**ACTION ITEM**
For the listing below, give the count of lines containing the string "that" and nothing else.

**DATA RECORDS**
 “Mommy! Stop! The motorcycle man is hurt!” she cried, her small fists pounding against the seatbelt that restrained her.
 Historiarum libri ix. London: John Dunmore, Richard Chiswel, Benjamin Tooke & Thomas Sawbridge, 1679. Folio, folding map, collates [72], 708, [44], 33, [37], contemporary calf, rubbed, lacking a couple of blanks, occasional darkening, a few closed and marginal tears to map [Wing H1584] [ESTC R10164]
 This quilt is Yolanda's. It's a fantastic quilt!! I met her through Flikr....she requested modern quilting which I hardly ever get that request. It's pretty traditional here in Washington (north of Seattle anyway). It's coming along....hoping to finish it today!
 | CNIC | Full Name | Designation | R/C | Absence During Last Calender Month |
--
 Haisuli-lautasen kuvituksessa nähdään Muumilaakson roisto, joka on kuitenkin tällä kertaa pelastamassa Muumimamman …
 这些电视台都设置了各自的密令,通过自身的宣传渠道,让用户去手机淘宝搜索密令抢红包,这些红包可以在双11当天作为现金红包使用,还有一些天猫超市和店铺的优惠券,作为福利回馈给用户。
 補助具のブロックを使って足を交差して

**RESPONSE**
2